Penalize generic action/mode methods that are neither explicit domain verbs nor a real state engine.
Treat read/query shape objects differently from mutation mode dispatchers; shaped reads are acceptable when they collapse duplicated include/query shapes without growing unbounded.
For repo-backed sections, prefer a small I<Section>ServiceRead, a mutation/full write surface, and a primary <Section>Info DTO. Some sections may have explicit read shards keyed differently; document the shard and keep it cohesive.
Treat the cached DTO as the source of truth for read facts. If a fact about the section is stable enough to be cached and broadly useful, prefer adding it to the existing <Section>Info/read shard over adding a service predicate/projection/scalar lookup.

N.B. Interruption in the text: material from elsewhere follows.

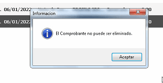 Cuando aparece este mensaje hay que ir a Configuración -> Tipos de Comprobante, seleccionar el tipo que no se puede eliminar, y darle a Editar

Prefer adding properties/behavior to an existing canonical read DTO over creating a new interface/service/repository path. Do not treat this as DTO-bag score gaming when it removes service surface and DB reads.
Prefer canonical read services such as IUserServiceRead, ITeamServiceRead, and section view DTOs for cross-section reads.
Penalize cross-section dependencies on write/full services. If unavoidable, call out the mutation/orchestration reason; otherwise move the caller to the read surface and DTO facts. Existing exceptions should be explicit and grandfathered, not silently normalized.
Keep controllers thin, but allow UI-specific finite sorting/filtering/paging at the controller/view boundary.
Reject parameter-object refactors whose primary effect is hiding a long method signature. Accept a new input/command object only when it has cohesive domain meaning, public readable semantics appropriate to its boundary, validation/invariants, reuse across related flows, or a materially simpler call site.
Reject adding thin methods to existing parameter objects when the only deleted code is field assignment, string formatting, DTO construction, or direct service delegation. This is score-gaming even if Reforge reports a large improvement.
Treat public input types with mostly internal state as a smell on service interfaces; decorators and cross-assembly callers should not need result objects or side channels to recover data the input already contained.
For read-surface pruning, ask: "Could the caller express this as a LINQ query over <Section>Info or a known read shard?" If yes, add missing facts to the read model if needed, update callers, and delete the method.

References

Use architecture-reviewer.md for the review gate.
Use reforge_delta.py for score summaries.